The Duke Image Analysis Laboratory (DIAL) is committed to providing comprehensive imaging support in research studies and clinical trials to various agencies. Among these are pharmaceutical firms, biotechnology and medical device companies, Clinical Research Organizations, government and academic research organizations. The capabilities of the lab include protocol development, site training and certification, and image archival and analysis for a variety of modalities including magnetic resonance imaging, magnetic resonance spectroscopy, computed tomography and nuclear medicine.
DIAL uses the latest technologies to analyze Magnetic Resonance Imaging (MRI) data sets of the brain. Currently the lab is engaged in measurement of the hippocampus, amygdala, caudate, ventricular system, and other brain regional volumes. Each of these techniques have undergone a rigorous validation process. The measurements of brain structures provide a useful means of non-invasively testing for changes in the brain of the patient. Changes over time in the brain can be detected, and evaluated with respect to the treatment that the patient is receiving.
Magnetic Resonance Spectroscopy (MRS) allows us to obtain an accurate profile of the chemical content of the brain. This sensitive technique can detect small changes in the metabolic state of the brain; changes that vary in response to administration of therapeutic agents. The ability to detect these subtle shifts in brain chemistry allows us to identify changes in the brain with more sensitivity than allowed by image analysis. In this respect, NMR spectroscopy can provide early detection of changes in the brain, and serves to compliment the data obtained from image analysis.

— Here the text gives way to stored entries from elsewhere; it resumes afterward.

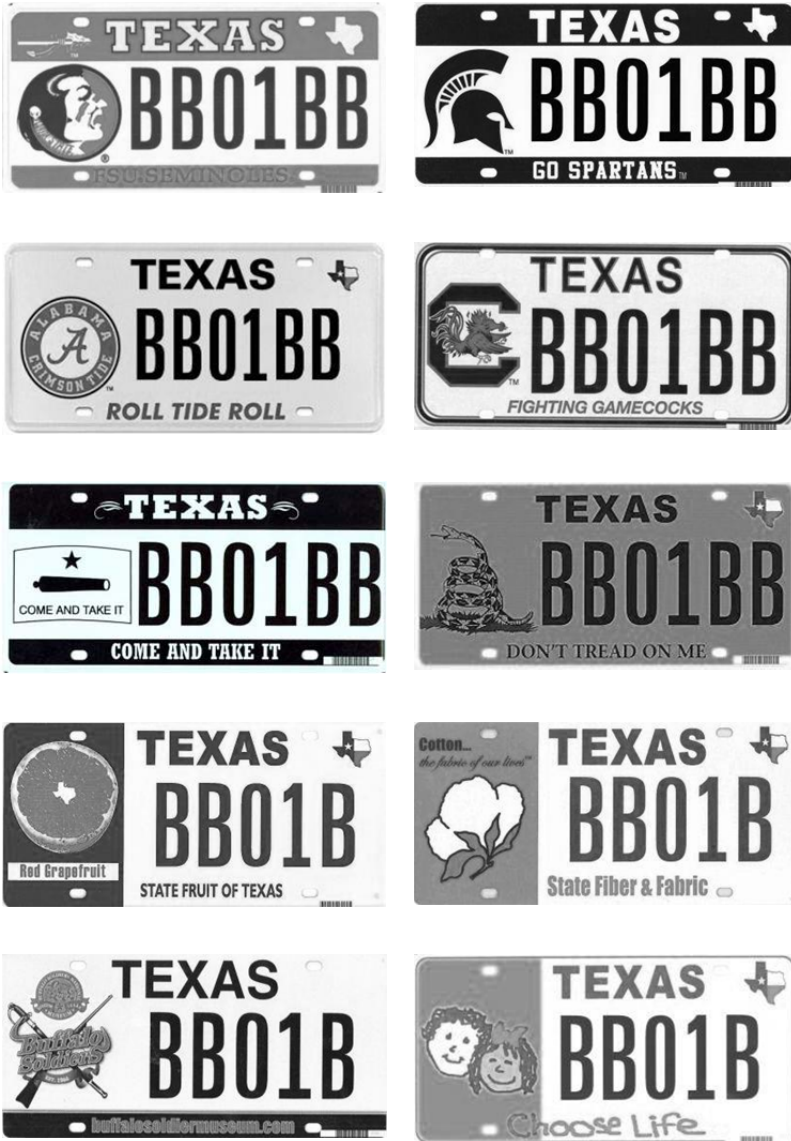
All found at http://txdmv.gov/motorists/license-plates/specialty-license-plates
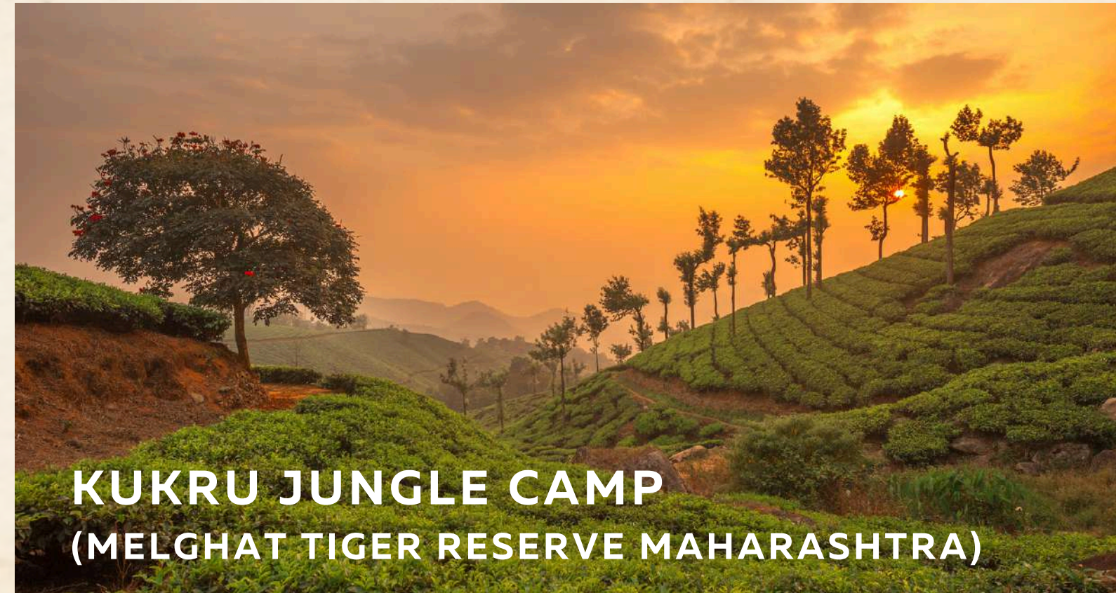
KUKRU JUNGLE CAMP (MELGHAT TIGER RESERVE MAHARASHTRA)
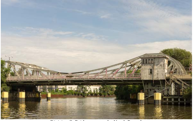
Division St Bridge across the North Branch

Chicago was under pressure by the federal government and shipping interests to replace all of the swing bridges on the Chicago River.
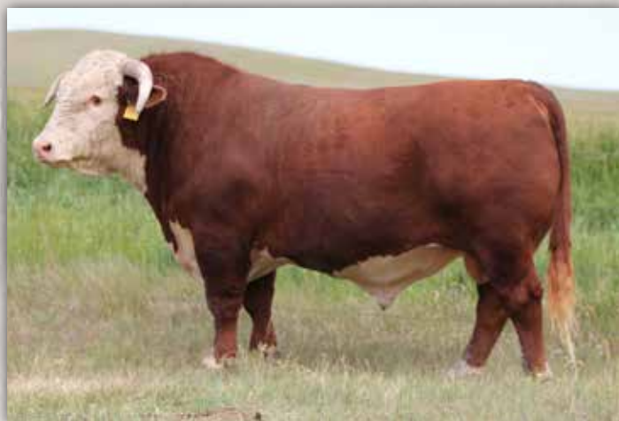
BCC COMET 711E

Comet 711 sons are long bodied, correct in their structure and have ample thickness and muscling. They are conservatively marked, and he adds pigment around their eyes. His mother is a Dam of Distinction. We are pleased with the results of 711 in our program and are excited about the continued future of this proven Herd Sire. Owned with Baumgarten Cattle Company at Belfield North Dakota. 18 sons and 2 bred heifers sell.
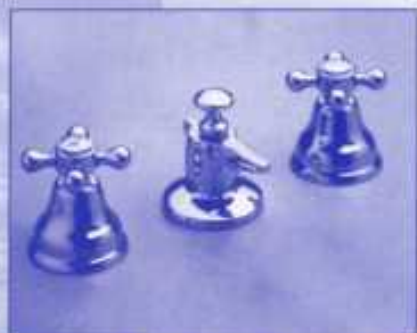
Art. 809/N Three Hole Bidet Mixer with Diverter Rimspray/Shower and Pop-Up-Waste 1.1/4"
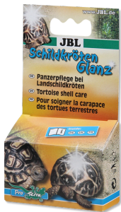
JBL Tortoise shell care Shell care for tortoises
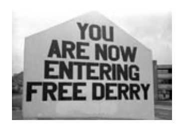
Republican mural, Bogside, Derry, 1989, in the CCDL.
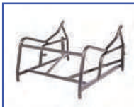
P13635 16"Wx18"D Stainless Steel Frame
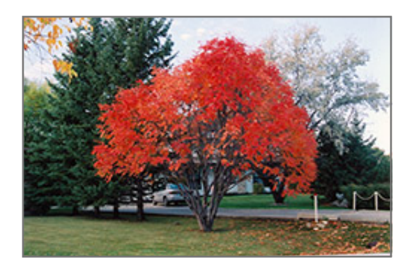
European Mountain Ash in fall

European Mountain Ash is recommended for the following landscape applications;
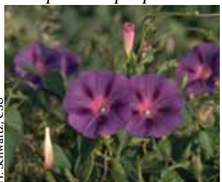
tall morningglory Ipomoea purpurea
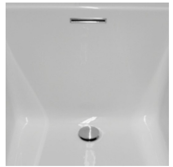
Linear Integral Waste and Overflow
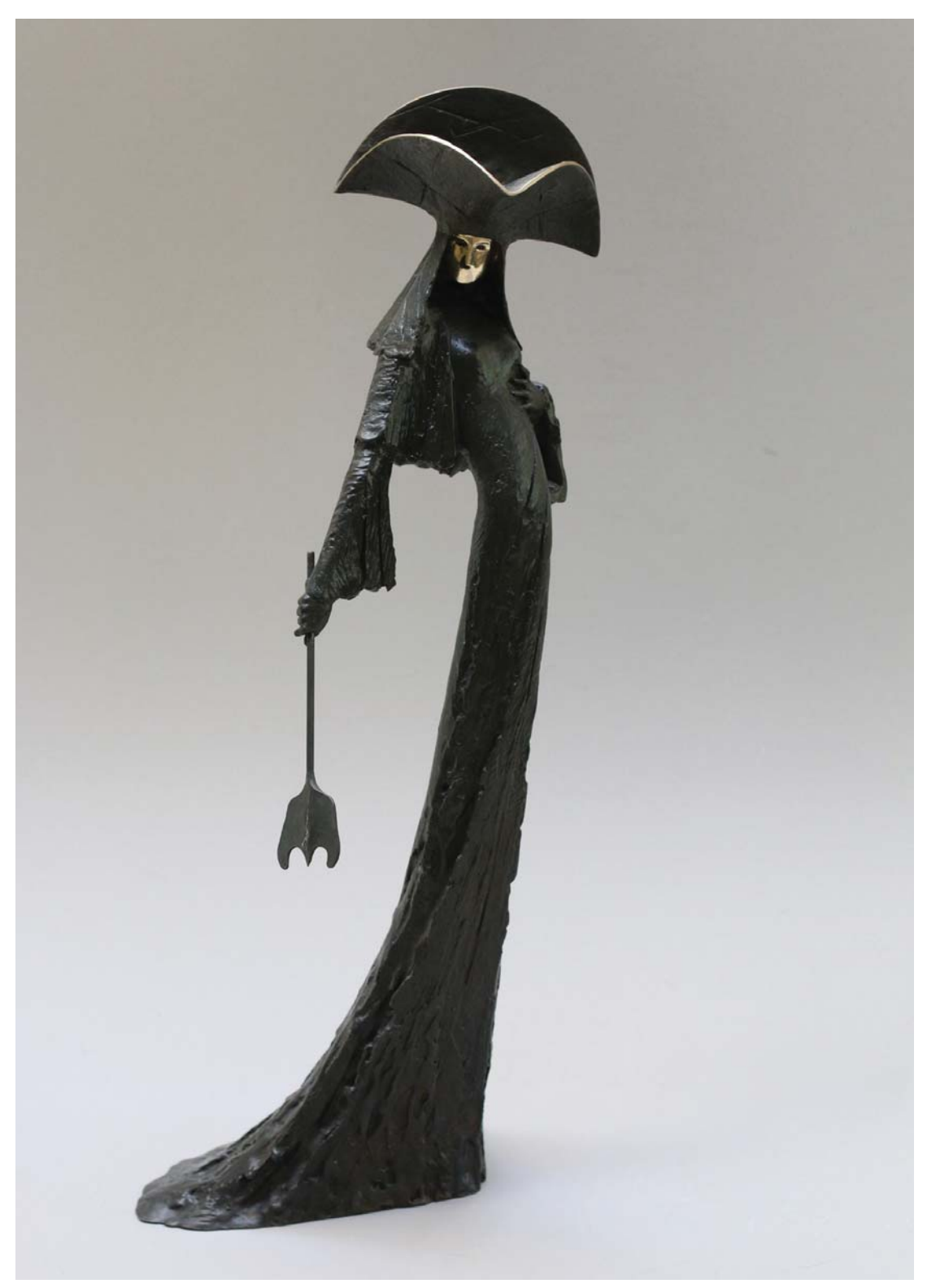
Salieri's Fan Height 64cm Edition of 8
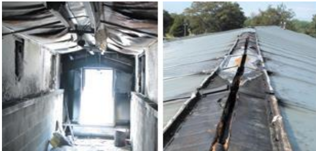
Photographs 2 & 3 show the area where the fire started, and the apex of the roof respectively) (with some discolouration in the area subject to direct flame attack, but no evidence of fire spread)

The fire started in an enclosed passageway linking two open air plant areas on the roof. There was scaffolding at the rear of the premises which gave access to the roof and the fire was thought to have been caused by the accidental or malicious ignition of roof sealant.
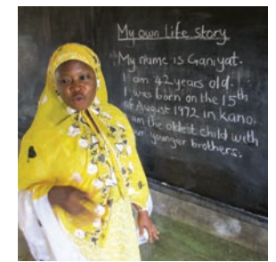
Use the brainstorm to add detail: How many sisters and brothers?
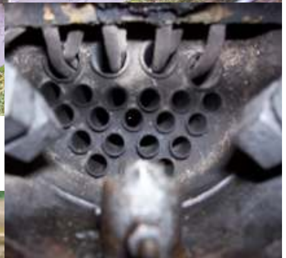
Above: Boiler front tube plate.
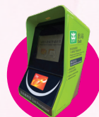
出站收費器 Exit Fare Processor
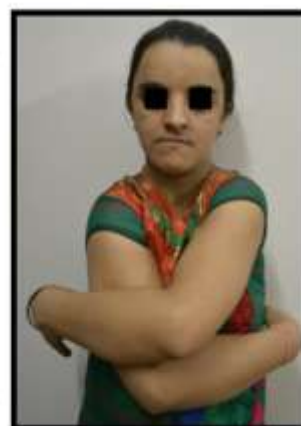
Fig No 3:
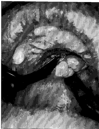
Fig. 2A. Excisional biopsy being performed by electrocautery unit

A state of good healing was evident at the follow up of 2 weeks(Fig. 4) and no recurred lesion has been detected for 4 years.
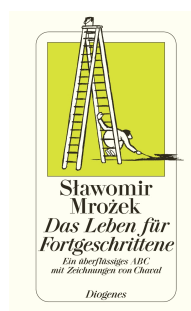
Life for the Advanced 240 pages 2006
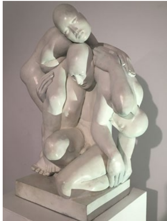
Embrace 60 x 35 x 35 cm Patinated Bronze ed 1/9

Her figurative pieces show a sensitivity and understanding of human forms and emotions.
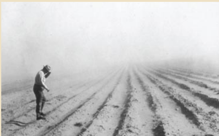
WIND EROSION in the Southern Plains of the U.S. during the Dust Bowl era revealed the perils of plow-based farming.
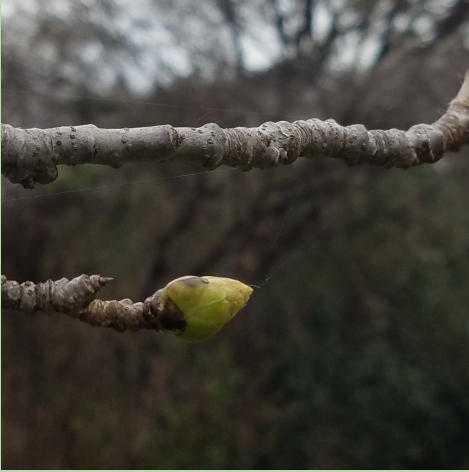
Leaf bud on the sweet gum tree by the convent
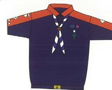
The Joey Scout Uniform
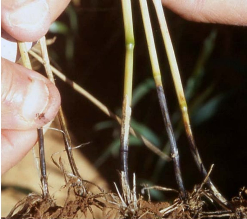
Severe take all on lower stems.
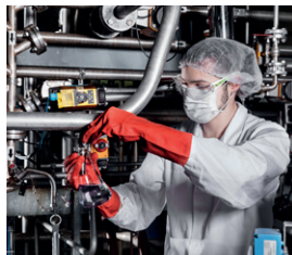
Carboxylic Acid Derivatives
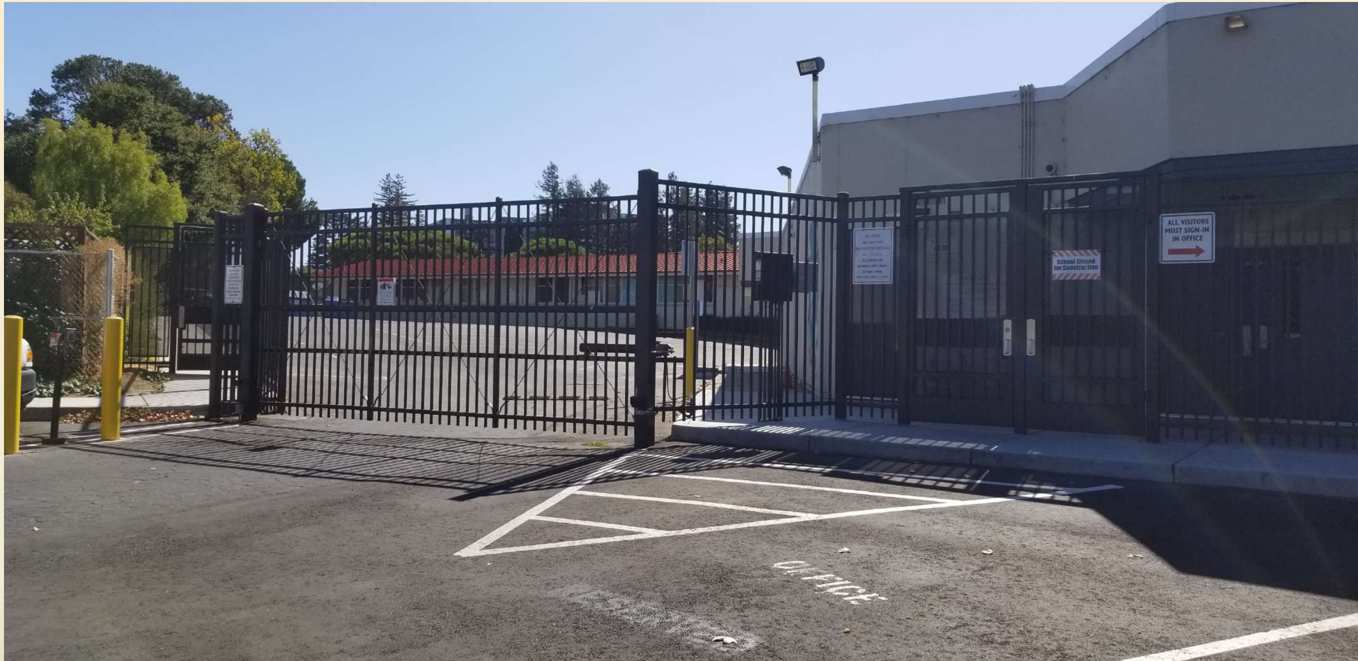
ORNAMENTAL FENCING WITH AUTOMATIC GATE AT BACK PARKING LOT
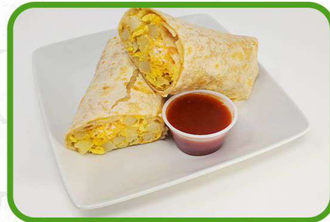
Country Burrito Eggs, potatoes, sour cream & cheese
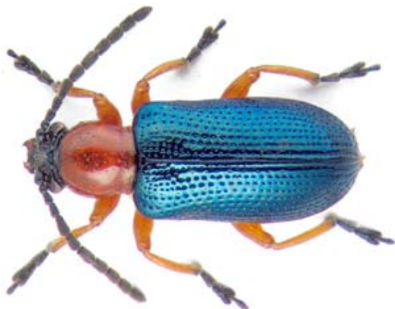
Fig. 1. Cereal leaf beetle adult. 1

Cereal leaf beetle, Oulema melanopus , is a leaf beetle in the family Chrysomelidae (Fig. 1). These beetles are native to Europe and have been considered pests of small grains since 1737. In 1962, cereal leaf beetle was first detected in the United States in a Michigan grain field. Since the 1960s, this insect has spread throughout much of the United States and Canada; now at least 30 states have confirmed cereal leaf beetle populations. Eventually cereal leaf beetles were discovered in Morgan County, Utah, in 1984. Since the first detection, beetles have been confirmed in 16 counties, although only considered established in Box Elder, Cache and Weber counties (Fig. 2). The slow spread and establishment of cereal leaf beetle will no doubt continue to all grain-growing regions in Utah. Most damage, however, is likely to occur in irrigated fields in cooler, moister parts of the state.

Osteoarthritis (OA) is the most common form of joint disease and a major cause of long-term disability in the United States (US). The only method currently accepted by regulators and clinicians for evaluating disease progression in hip or knee OA is the sequential radiographic assessment of joint space narrowing. An increasing body of literature supports the use of MRI as a primary imaging method to evaluate progression of osteoarthritis. Using 3D and 2D imaging techniques MRI is able to evaluate not only cartilage volume and thickness, but also changes in cartilage glycosaminoglycan content, focal cartilage injuries, and abnormalities of the meniscus which may contribute to development of osteoarthritis. Significant advances in MRI have resulted in the ability to quantitate cartilage morphology (ie, volume, thickness, and surface area) and thereby provide a means to evaluate potential effects of pharmacologic intervention on OA progression.